> [Task statement]: All lines from the one containing "Nach der Polymerisation" through the final line of the records below should be reproduced exactly, with the pictures left out.

Records from a collection
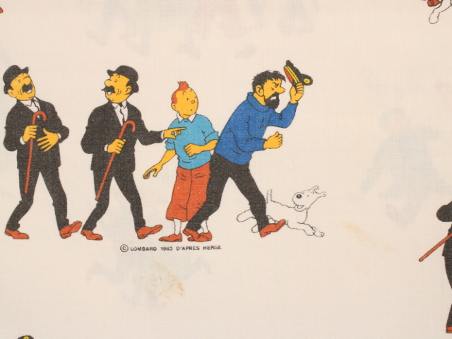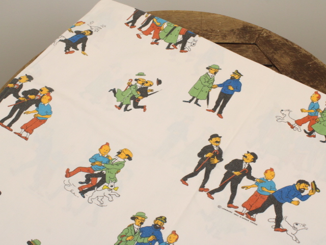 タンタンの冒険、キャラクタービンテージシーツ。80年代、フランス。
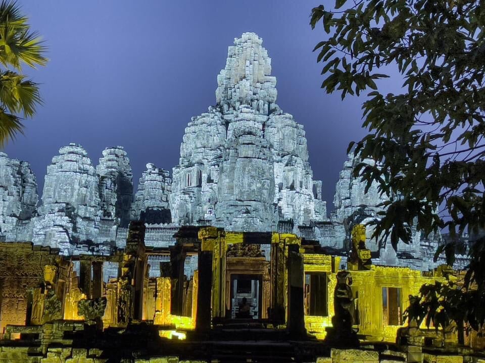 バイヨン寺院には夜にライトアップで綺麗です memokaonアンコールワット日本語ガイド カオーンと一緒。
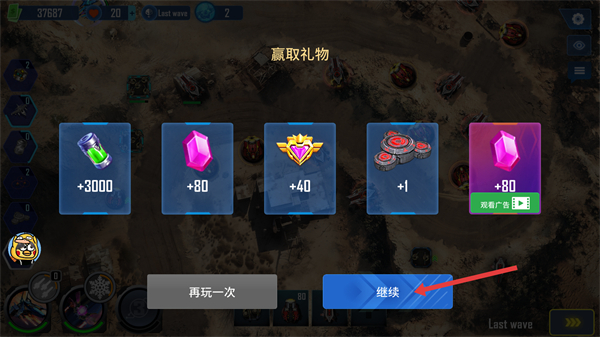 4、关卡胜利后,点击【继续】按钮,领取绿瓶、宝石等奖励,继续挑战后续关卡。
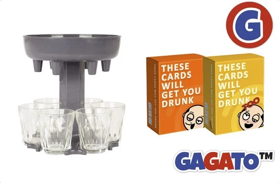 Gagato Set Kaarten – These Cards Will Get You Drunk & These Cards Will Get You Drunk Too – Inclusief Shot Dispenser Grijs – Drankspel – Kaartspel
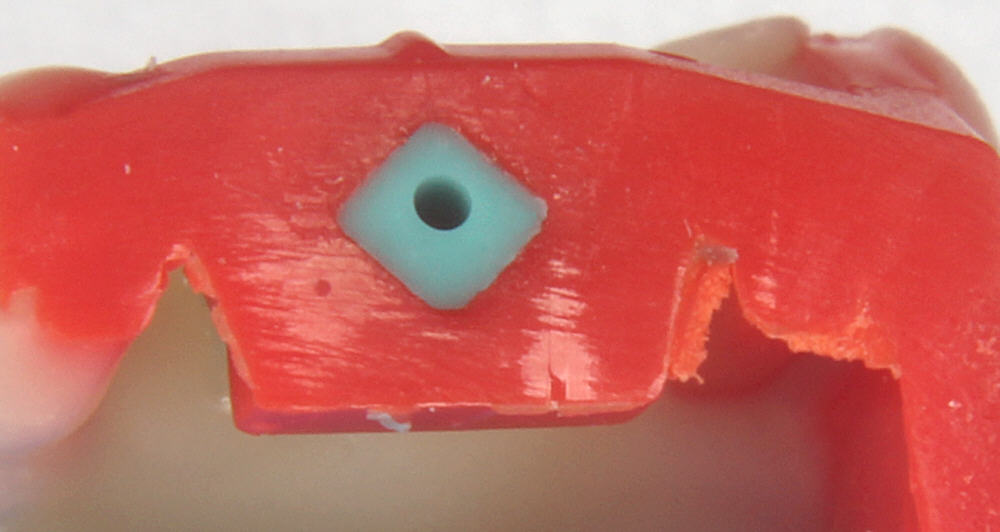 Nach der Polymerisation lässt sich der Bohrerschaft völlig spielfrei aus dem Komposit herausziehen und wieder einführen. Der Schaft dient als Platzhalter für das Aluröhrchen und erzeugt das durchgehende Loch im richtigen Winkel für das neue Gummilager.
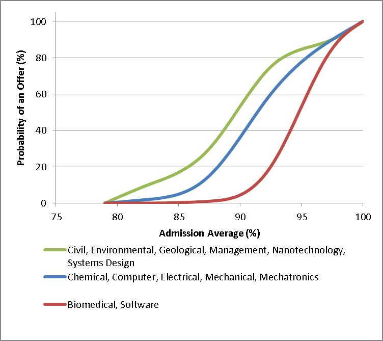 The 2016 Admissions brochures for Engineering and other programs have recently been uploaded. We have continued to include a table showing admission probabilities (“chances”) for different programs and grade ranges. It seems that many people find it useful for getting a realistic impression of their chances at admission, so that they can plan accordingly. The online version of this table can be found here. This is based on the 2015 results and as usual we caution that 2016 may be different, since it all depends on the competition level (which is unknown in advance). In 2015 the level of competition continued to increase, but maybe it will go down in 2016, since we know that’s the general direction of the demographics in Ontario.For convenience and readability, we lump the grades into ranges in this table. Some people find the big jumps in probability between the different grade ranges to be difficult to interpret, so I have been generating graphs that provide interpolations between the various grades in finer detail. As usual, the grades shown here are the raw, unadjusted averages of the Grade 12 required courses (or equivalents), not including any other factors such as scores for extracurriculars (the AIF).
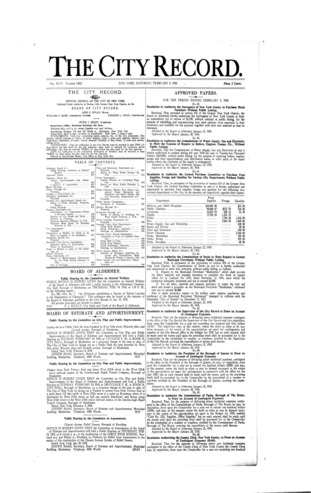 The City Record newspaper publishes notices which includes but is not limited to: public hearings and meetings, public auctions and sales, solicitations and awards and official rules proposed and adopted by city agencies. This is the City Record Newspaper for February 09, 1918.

> [Answer for this exercise]:
 Nach der Polymerisation lässt sich der Bohrerschaft völlig spielfrei aus dem Komposit herausziehen und wieder einführen. Der Schaft dient als Platzhalter für das Aluröhrchen und erzeugt das durchgehende Loch im richtigen Winkel für das neue Gummilager.
 The 2016 Admissions brochures for Engineering and other programs have recently been uploaded. We have continued to include a table showing admission probabilities (“chances”) for different programs and grade ranges. It seems that many people find it useful for getting a realistic impression of their chances at admission, so that they can plan accordingly. The online version of this table can be found here. This is based on the 2015 results and as usual we caution that 2016 may be different, since it all depends on the competition level (which is unknown in advance). In 2015 the level of competition continued to increase, but maybe it will go down in 2016, since we know that’s the general direction of the demographics in Ontario.For convenience and readability, we lump the grades into ranges in this table. Some people find the big jumps in probability between the different grade ranges to be difficult to interpret, so I have been generating graphs that provide interpolations between the various grades in finer detail. As usual, the grades shown here are the raw, unadjusted averages of the Grade 12 required courses (or equivalents), not including any other factors such as scores for extracurriculars (the AIF).
 The City Record newspaper publishes notices which includes but is not limited to: public hearings and meetings, public auctions and sales, solicitations and awards and official rules proposed and adopted by city agencies. This is the City Record Newspaper for February 09, 1918.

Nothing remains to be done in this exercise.